Have you ever wondered where your money goes? Nothing is as frustrating as knowing you’re making enough money to cover your bills, but you only ever pay part of them. This indicates that even though you’re making enough to meet your needs, you’re not living within your means. Your personal finance may be in disarray. If this earning and spending pattern continues, you’ll soon be deep in debt, which can easily lead to depression. This may result in the need for costly medical care and visits to one of the 30,000 prescription dispensaries in the United States, according to Envicare.

2. You Lack Spending Goals

Goals keep you focused on the most important things. They keep you from aimlessly spending, which is the quickest route out of debt. Your spending goals must be specific, such as saving for a vacation of your dreams or buying a car or a house. Impulse buying can be considered an obsessive-compulsive disorder symptom. In the United States, 20% of adults have a form of mental disorder, according to Roots Through Recovery

With your spending goals always in sight, you’ll resist the temptation to spend on minor things that strike you on the spur of the moment, otherwise known as impulse buys. Setting up a budget helps you keep important goals in perspective, resisting the temptation to spend on non-priority items.

3. Your Credit Score Keeps Dropping

Overspending is likely to hit your credit score badly. Missed and late payments are the main causes of bad credit scores, with 35% of scores deriving from one’s payment history. Overspending also raises your debt balances.
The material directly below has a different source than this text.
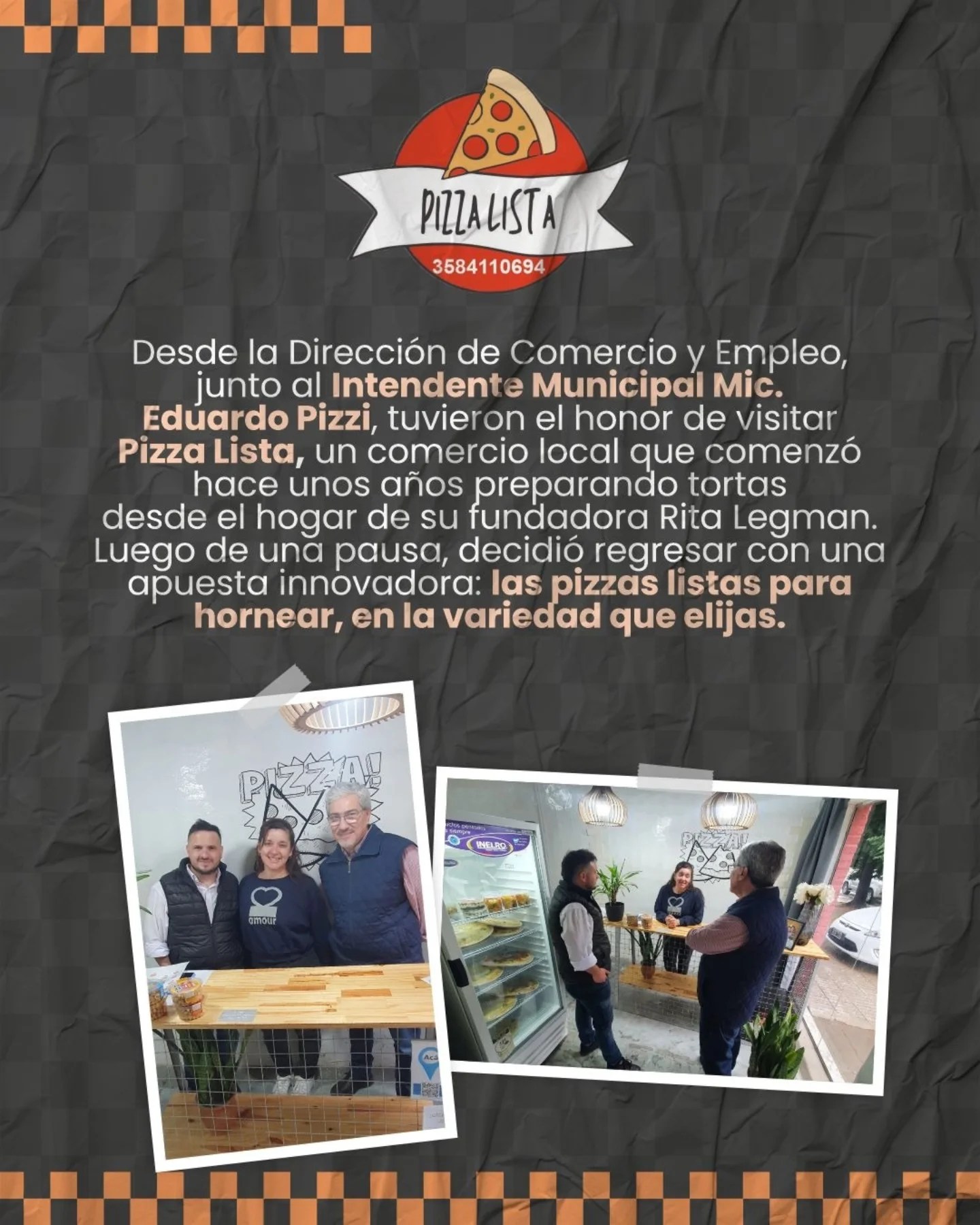 El Intendente Municipal, Mic. Eduardo Pizzi, junto MartÃn Crivello, Director de Comercio y Empleo, visitaron @pizza.lista1 , el comercio de @legmanrita . Rita comenzó su camino emprendedor hace algunos años, preparando tortas desde su hogar, posteriormente, hizo una pausa en su carrera como emprendedora y decidió regresar con una apuesta innovadora: las pizzas listas para hornear, en la variedad que elijas.
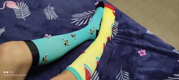 натягивать поначалу тяжело, они реально компрессионные))) яркие, резинка под коленом не давит( с учётом средней полноты ног) рисунок яркий, запахов резких или неприятных нет. у меня полные икры - на них рисунок растянулся раза в два)

Keep your credit card debt below 30% of your credit limit. High credit card balances could adversely affect your credit score. This is bad news since poor credit scores will make it difficult to qualify for other credit products such as loans, and where you qualify, the interest rates are punitively high.

4. You Constantly Max Out Your Credit Cards

You need help if you keep maxing out credit cards. This is the clearest sign you’re overspending. The higher credit limit is there to ensure you don’t get anywhere near it. Another sign your spending habits are wanting is if you keep juggling between cards to find one with adequate credit for a new purchase. By the time you get to this point, you’re in serious financial trouble, and your credit score will suffer. Getting out of debt is arduous if your debt balances are too high.

5. You Have No Savings

The root cause of a lack of emergency savings is poor spending habits.  If you currently find it difficult to settle your bills, how would you fare should you suddenly find yourself in a financial crisis? To withstand financial emergencies tomorrow, build up your savings today.

People can behave in ways they may not normally, simply to get out of debt. This can include hustles such as drug trafficking, even though drug possession on state charges carries a sentence of about 20 months. Get out of debt today by avoiding spending impulsively, and then start saving, little by little, and you’ll soon achieve personal finance stability. Good luck!